A la même période, il y eut un projet issu du chef de la diplomatie roumaine à l’égard de l’ouverture d’une légation roumaine à Bruxelles pour représenter les intérêts de la Roumanie en Belgique et aux Pays-Bas. Un autre projet prévoyait l’ouverture simultanée de légations roumaines en Belgique et en Suisse. Il prenait en considération que les deux pays jouissaient d’un grand respect sur la scène internationale et étaient des foyers de la civilisation moderne. De même, la Belgique et la Suisse étaient vues comme les « sœurs » de la Roumanie par leurs aspirations et valeurs communes de liberté et de progrès41. Toutefois, cette initiative fut rejetée par les conservateurs du Parlement roumain.
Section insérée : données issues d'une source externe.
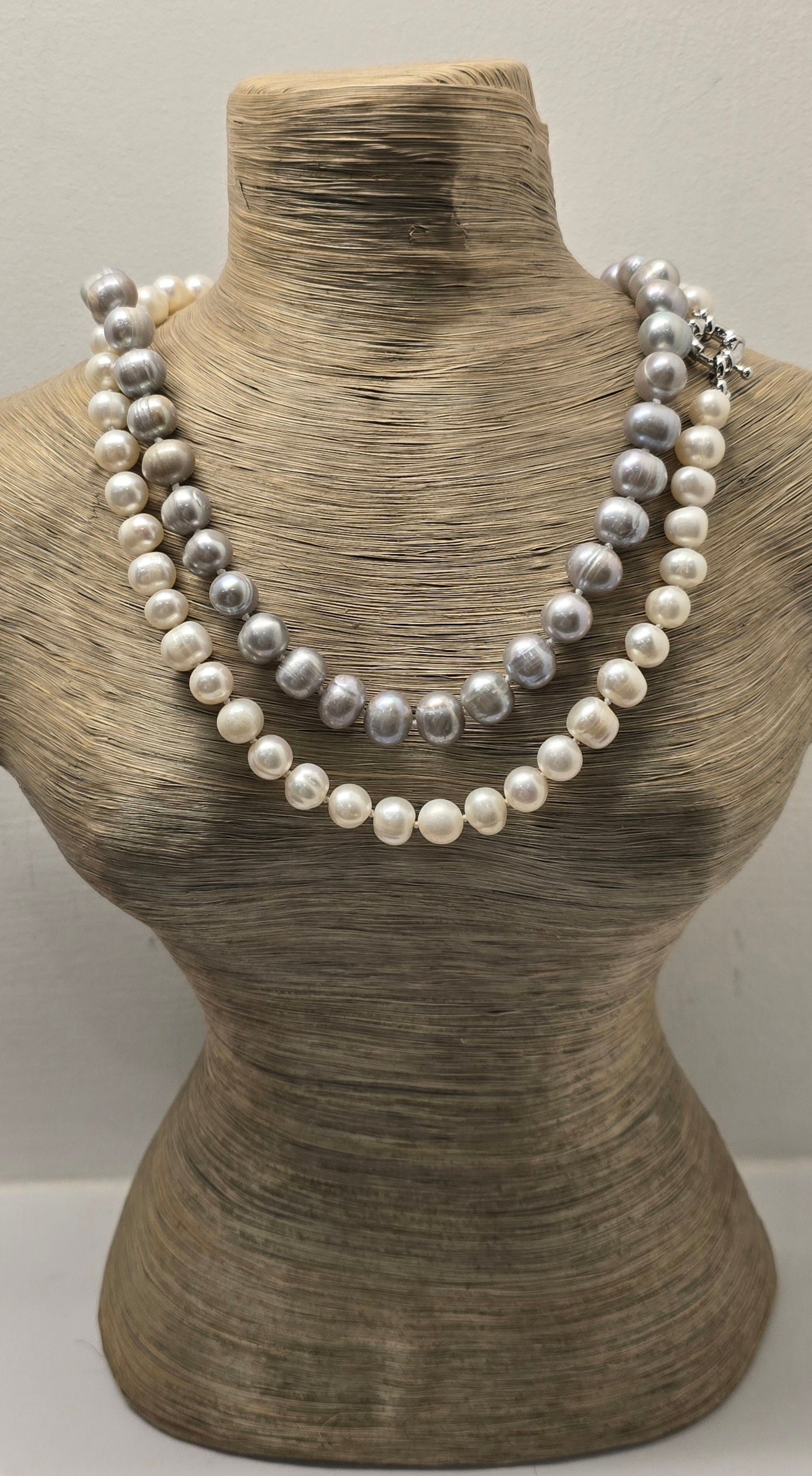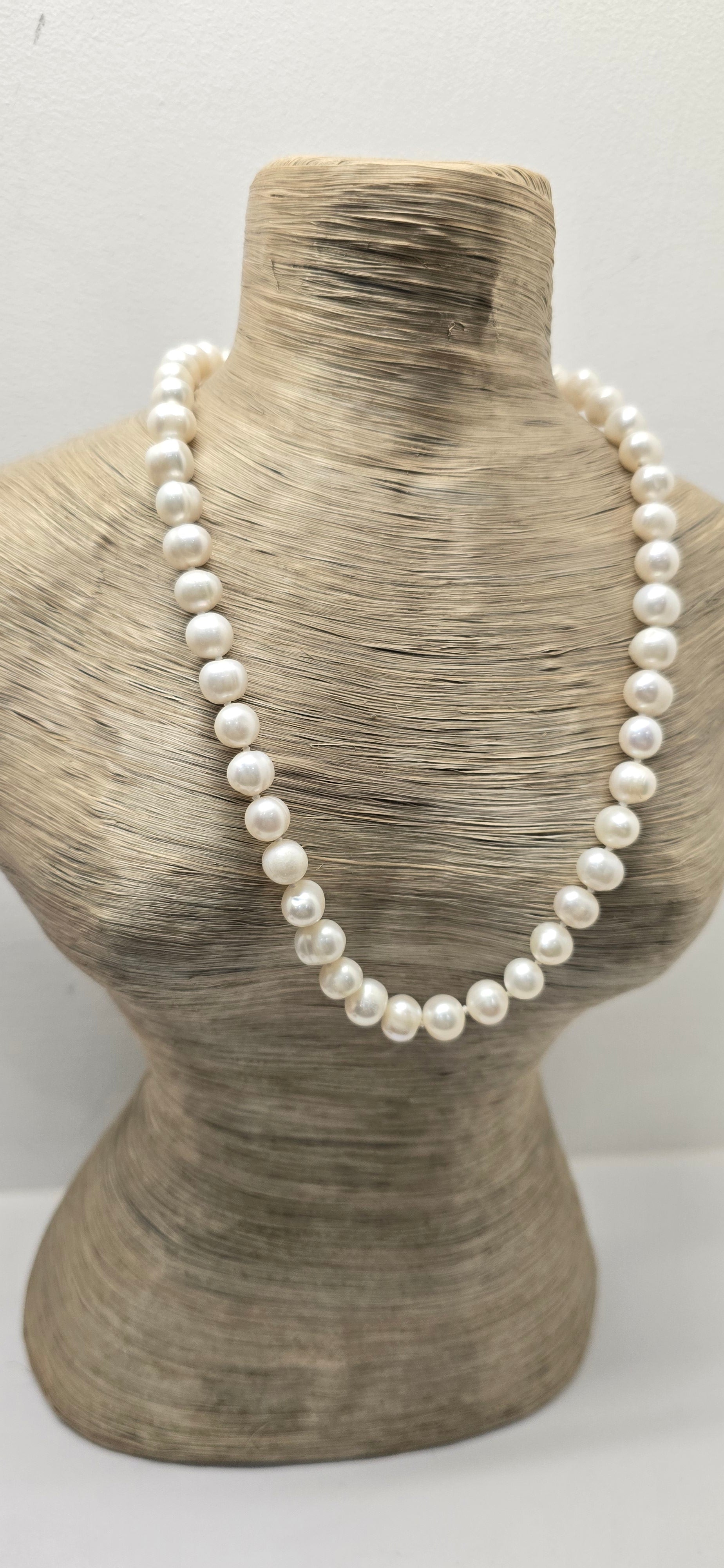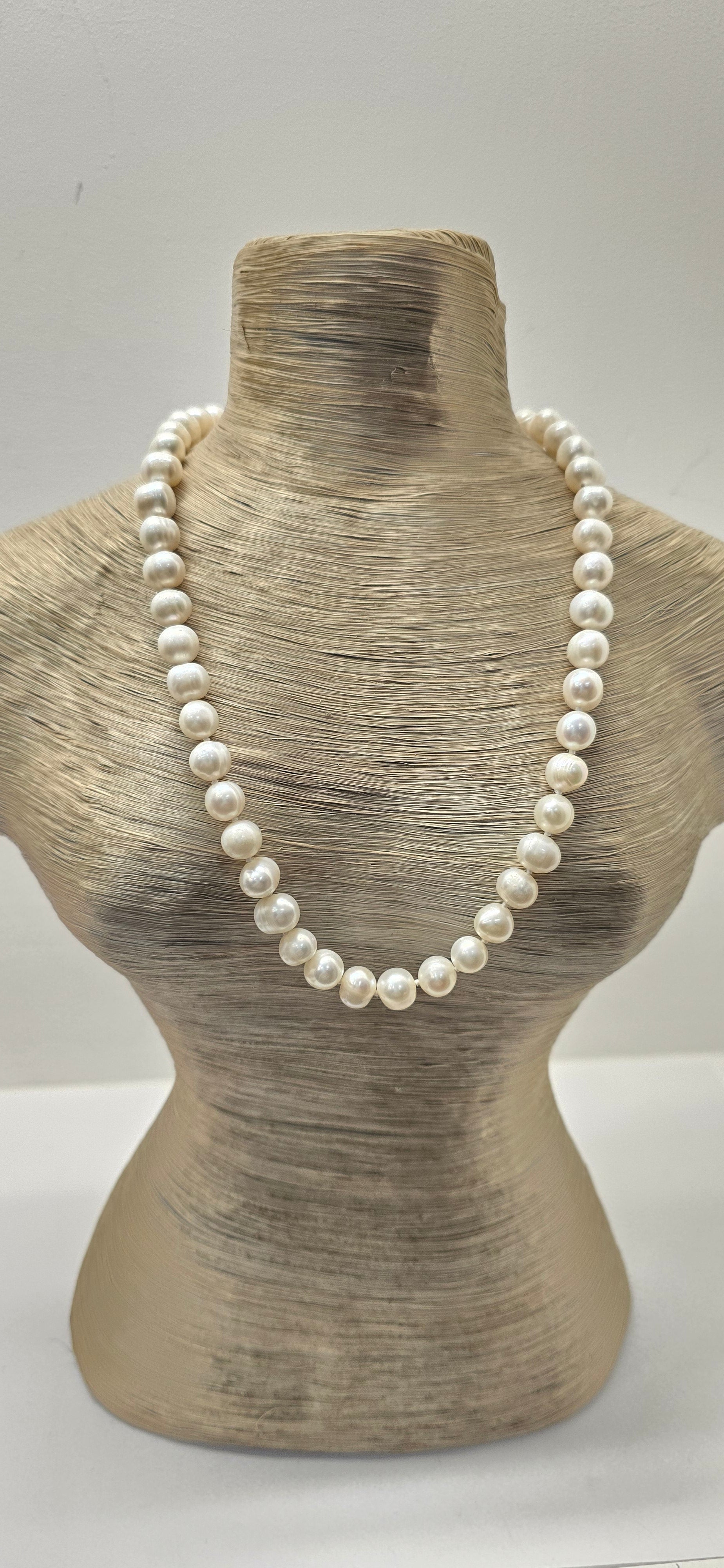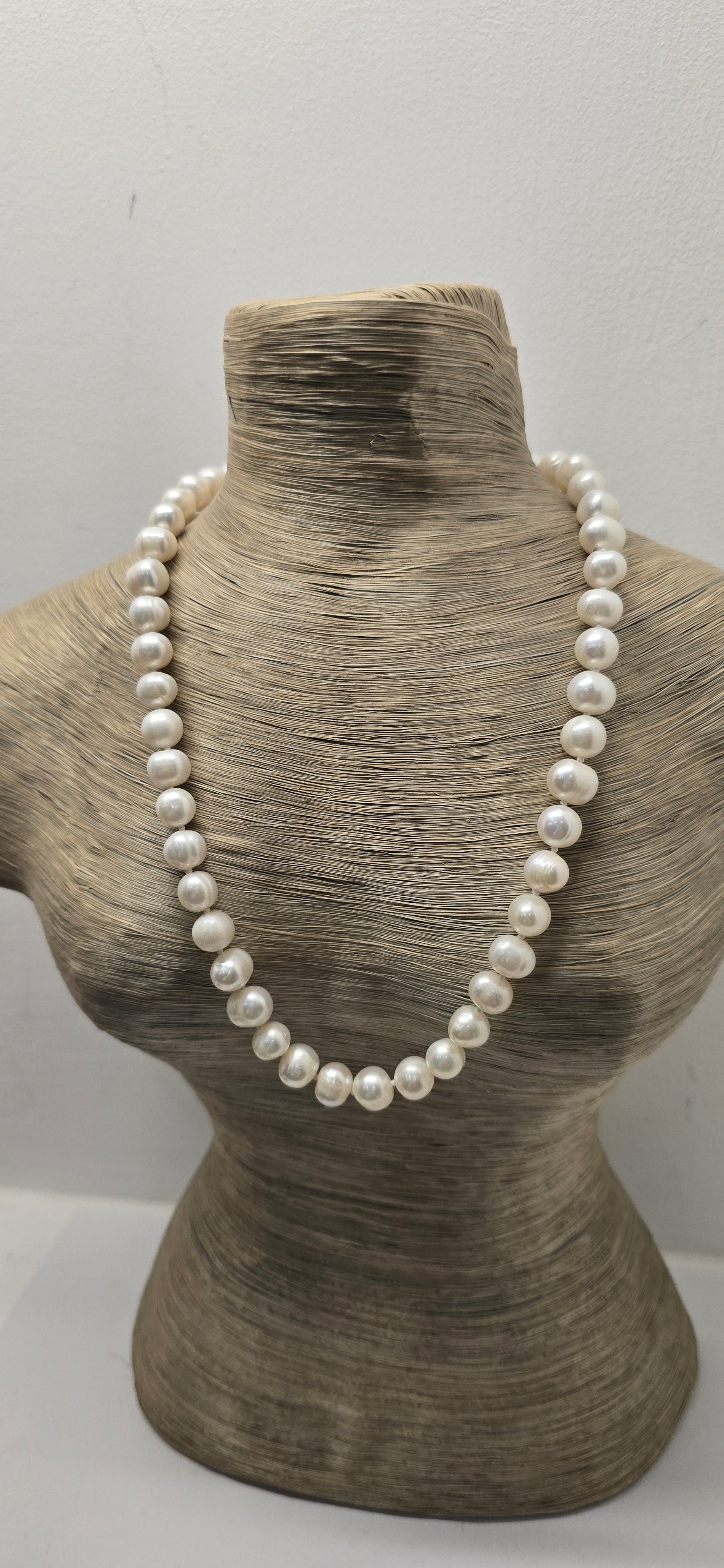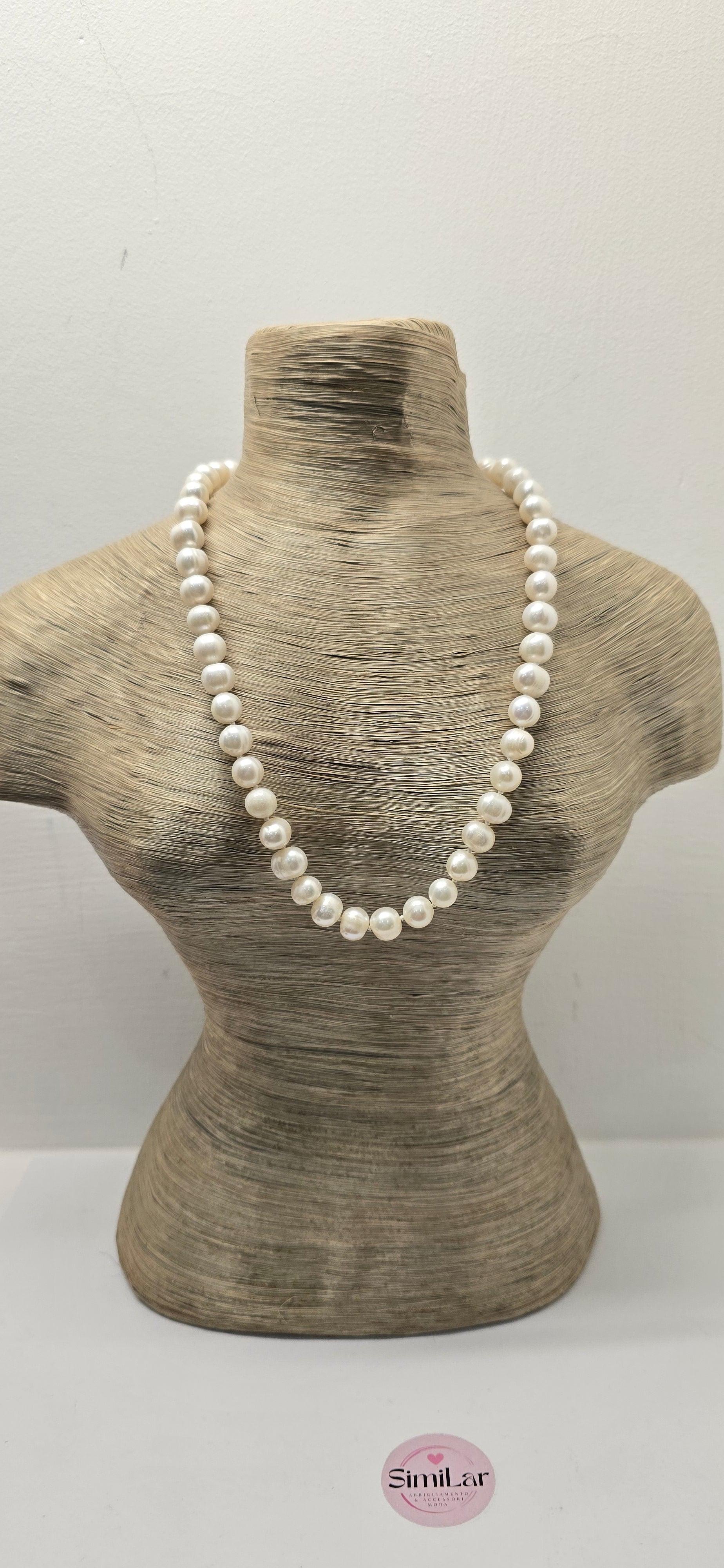 COLLANA PERLE DI FIUME 8-9MM 45CM A NODI CON CHIUSURA METALLO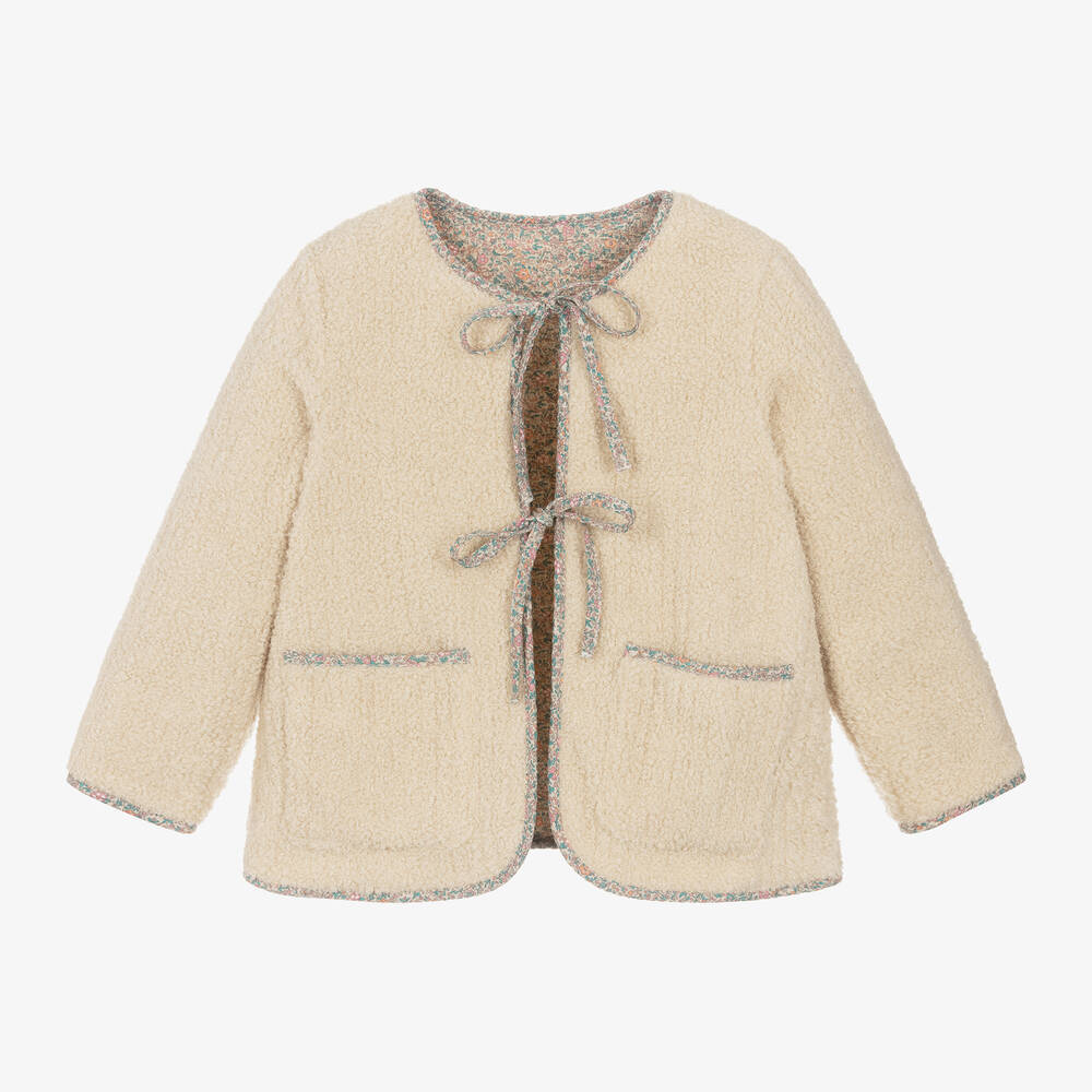 A reversible jacket for girls by Spanish brand Foque. Made in soft borg fabric, the beige side has two front pockets and contrasting floral trims. The other side is beautifully patterned with pink, purple and blue flowers and finished with diamond-shaped stitching for a quilted look. This lighter-weight jacket fastens with ties on the front, adding an extra layer of warmth.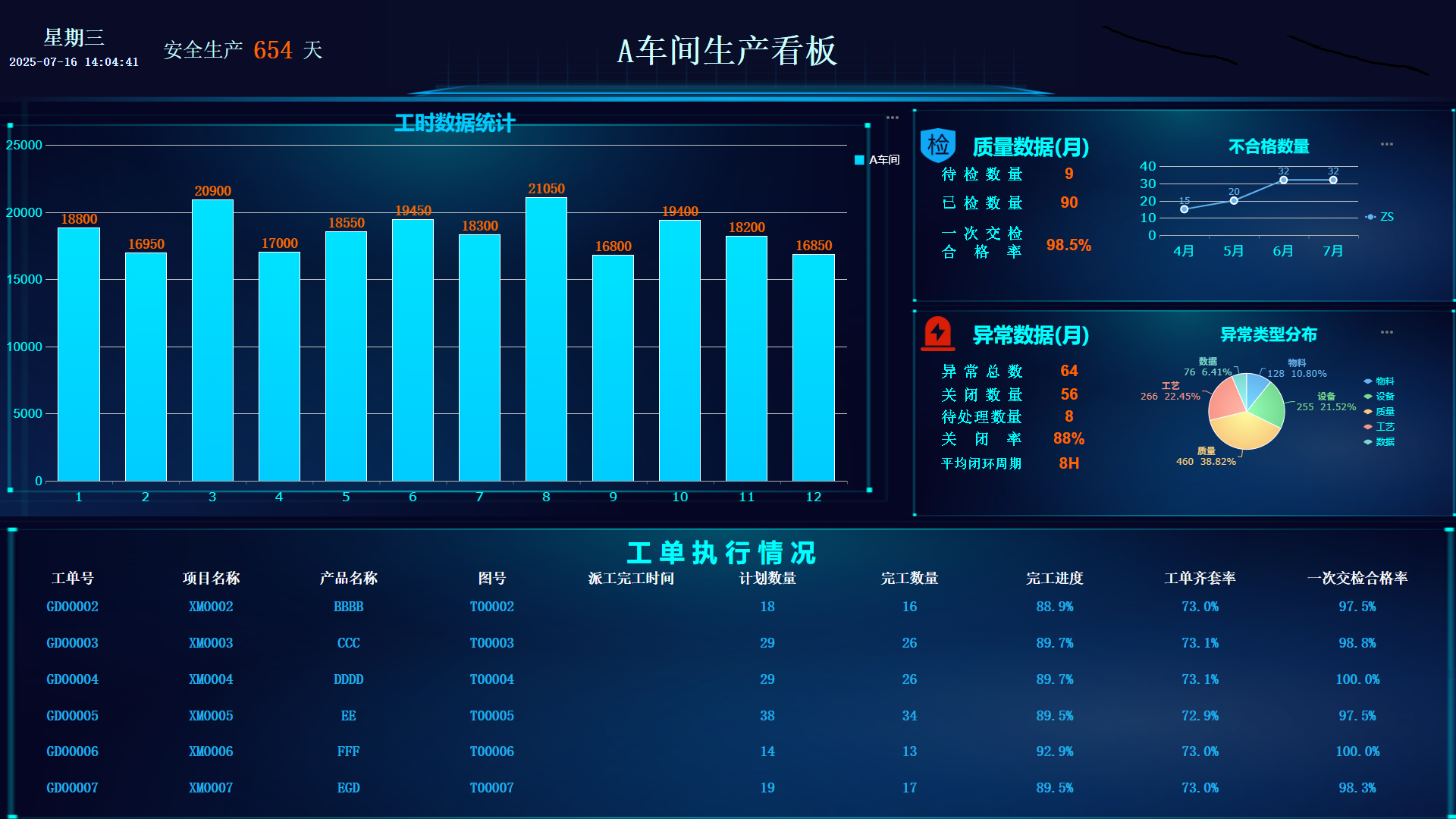 成本核算方面:工时自动统计,成本核算更准确,偏差率显著降低;异常管理模块快速响应设备故障、缺料等问题,异常关闭率高达88%,有效减少损失。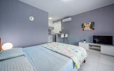 Ferienwohnung bietet Platz für 6 Gäste. Die Betten sind in Schlafzimmern, die es 2 gibt, und in Wohnzimmer, innerhalb einer Gesamtfläche von 46m2, angeordnet. Die Gäste haben eine eigene Terrasse zur Verfügung, auf der sie in warmen Sommernächten genießen können. Das Apartment bietet Meerblick. Es ist erlaubt, Speisen auf dem Gemeinschafts-Grill vorzubereiten. In der Unterkunftseinheit besteht die Möglichkeit des Mitbringens von Haustieren gegen Aufpreis.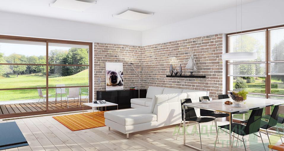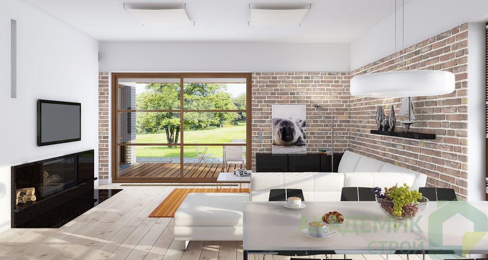 Любителям домашнего уюта понравится предусмотренный в проекте камин – он создает атмосферу тепла в гостиной, особенно в холодные зимние вечера.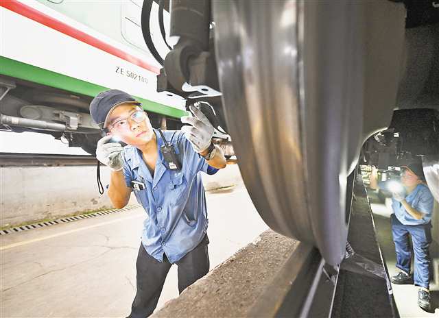 8月4日,重庆车辆段重庆北动力集中型动车运用车间,工作人员正在对车辆进行检查。记者 谢智强 摄/视觉重庆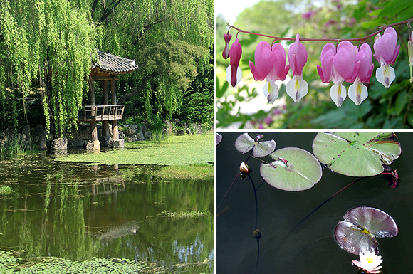 사각형을 이룬 호수는 온통 푸른빛이다. 축축 늘어진 수양버들 가지가 물 위까지 드리워졌고, 푸른 연꽃잎이 수면을 뒤덮었다. 수양버들 사이에 운치있게 자리 잡은 정자(파련정)가 더할 수 없이 고풍스럽다. 통나무를 엮어 만든 다리인 무심교도 멋스럽게 호수 한쪽을 가로질러 놓였다. 호수 한가운데까지 연결된 나무데크는 연꽃 군락지 연화원으로 가는 수련길이다. 물에서 자라는 부채붓꽃·미나리아재비·동의나물 등이 울창한 습지원에는 나룻배 한 척이 묶여 있다. 이 모든 게 한데 어우러져 빚어내는 호수의 풍경은 수목원의 하이라이트다.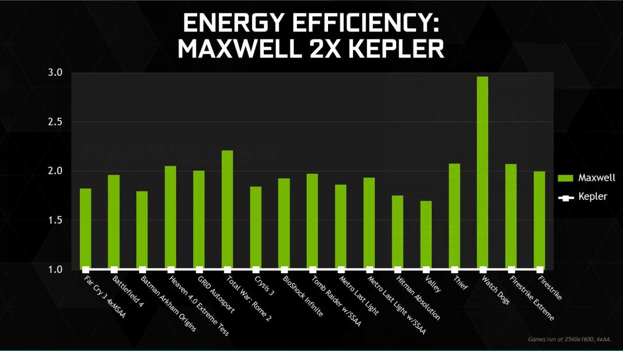 Here you can see the efficiency number in real world apps such as games like Watch Dogs which gets 3x better than Kepler but overall average is as stated 2x with some titls dropping into the 1.5 range such as Hitman Absolution. Overall if this holds true this is super strong for this new GPU and means very powerful new cards that are not super power hungry. From my calculation this could also mean should a extreme power user link these up in 4 Way you woudl not need a crazy 1500W+ PSU to run them I plan to confirm what the limit is soon when I can get my hands on 4 samples to see just how low you can go on a PSU.

Le 2 avril 1881, en annonçant aux membres du Conseil fédéral qu’il avait pris le titre de Roi de Roumanie, Carol Ier exprimait également son désir d’assister à l’intensification des relations entre les deux pays42. Le Conseil fédéral accueillit positivement cette nouvelle et manifesta son intérêt pour le développement des relations cordiales qui existaient déjà entre les deux Etats sur la base du principe de la réciprocité43.

Dans le cadre des relations avec les pays occidentaux et neutres, le gouvernement roumain commença à ouvrir des missions diplomatiques au Luxembourg (1910), en Suisse (1911), en Espagne (1913), en Suède (1916), au Danemark, au Norvège et au Portugal (1917). L’importance que le gouvernement roumain accordait au poste diplomatique de Berne fut d’emblée mise en évidence par la personnalité de Cantacuzino44.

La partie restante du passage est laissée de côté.